If you are concerned about the stickiness or moisture of dried fruits, make fruit leather instead. Take several different fruits and make a puree, spread thin (on wax paper)and dehydrate. As the storebought stuff is, it will be kinda sticky, so you are really not doing anything incorrectly.
Wife and I have dried tons of taters, we think they are the best best for long term storage and nutritional value. After drying we store in mason jars using the jar sealer on our foodsaver. This year in the garden we are growing our own herbs and the dehydrator is about to get a workout!


----------



## Emerald (Jun 14, 2010)

mmszbi said:


> If you are concerned about the stickiness or moisture of dried fruits, make fruit leather instead. Take several different fruits and make a puree, spread thin (on wax paper)and dehydrate. As the storebought stuff is, it will be kinda sticky, so you are really not doing anything incorrectly.
> Wife and I have dried tons of taters, we think they are the best best for long term storage and nutritional value. After drying we store in mason jars using the jar sealer on our foodsaver. This year in the garden we are growing our own herbs and the dehydrator is about to get a workout!


Just a hint on herbs-dry them at the very lowest temp your machine has.. they will retain better flavor.
The only one that doesn't do that well for me was basil-I had to turn the temp up a tad and take all the leaves off the stems. If doing sage-dry about 10 times what you think you will need as when I grind it down for stuffing it really grinds into much less than you think!


----------



## Deborah2 (Oct 6, 2011)

I can't say, for sure, but your problem is like what I encountered with my first batches of fruit. This problem is called "case hardening". The temperature is too high for too long. The outside gets too dry and the inside never dries well. The result is sticky fruit. The solution is to set the temp. as directed and leave it there for about one hour. Then lower the temperature about five or ten degrees for the rest of the drying cycle. Sweet, fleshy fruit will take a very long time to dry. Maybe several days when the humidity is high. Please post if this solves the problem. It would be interesting to hear if thishas been of any help. Goodluck.


----------



## boomer (Jul 13, 2011)

I dry herbs, mushrooms, onions, apples, paste tomatoes, peepers, carrots, & potatoes primarily. I blanch the potatoes first but not the rest. They work well in stews, salsas, soups, sauces. I generally like the results and do not dry more because I run out of prepping time.

When I am using a lot of dried foods I tend to migrate towards different recipes than I would if using fresh or frozen.


----------



## goshengirl (Dec 18, 2010)

Emerald said:


> If doing sage-dry about 10 times what you think you will need as when I grind it down for stuffing it really grinds into much less than you think!

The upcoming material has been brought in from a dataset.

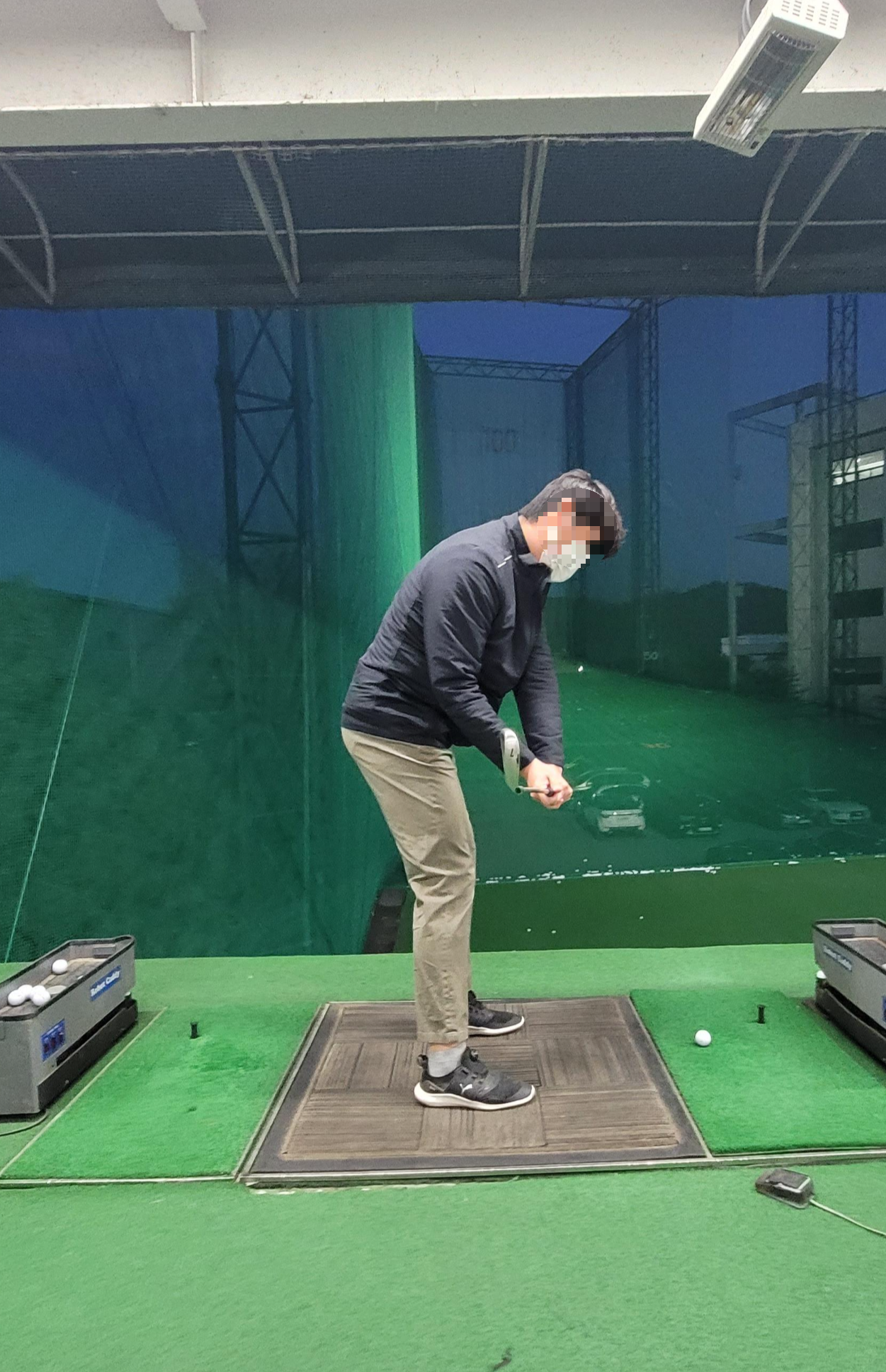 몸 앞쪽에서 대각선으로 카메라 영상 및 사진을 찍는 경우가 있습니다. 아래의 측면 골프 사진은 위 2번(올바른 카메라 각도)과 동일한 동작을 그대로 유지하고 카메라 각도만 다르게 촬영한 사진입니다.

Don't they all - it's a SHOCKER! lol I have my little jars (and I do mean 'little') of dried herbs on the shelf, and it's amazing to know how much plant material is in there!


----------



## Emerald (Jun 14, 2010)

goshengirl said:


> Don't they all - it's a SHOCKER! lol I have my little jars (and I do mean 'little') of dried herbs on the shelf, and it's amazing to know how much plant material is in there!


I know! And what they charge for those tiny bottles in the store! I have been buying it in the big bulk containers at the restaurant supply. For only about the cost of two small bottles of grocery store herbs and spices I can get the amount of about 6 or 8 bottles worth. I often fill only a small glass bottle and then vac-pack the rest into a big mason jar. Stored in the dark and cool they last for quite a while. But there are some that I need to start growing more of myself as we go thru one of those big containers of a year. 
Also I can highly recommend buying whole spices and grate them only when you need them.. I still have three whole nutmegs left from O4(stored in glass) that still taste as yummy when I grate them into things as when I first got them.. You can't believe how yummy cinnamon is when you powder or grate it fresh each time. Even the cheap cinnamon sticks that they sell in the dollar stores/save a lot at the holidays. Whole allspice and whole seeds of many spices are better when you toast them in a dry pan for a few seconds before grinding.. brings out the oils. 
Black peppercorns seem to really last well vac-packed in mason jars too. Makes me realize that we just opened the last one I had from 3 years ago when I got them on sale in the big containers for $3 each.. we bought 3 of them and had members of the family give us such crap over it.. Said that we would never go thru it like that.. But now I am wishing that I had 3 more containers bought back then as it is about 6 times that price for the same container.

Okay -back to dehydrator talk..


----------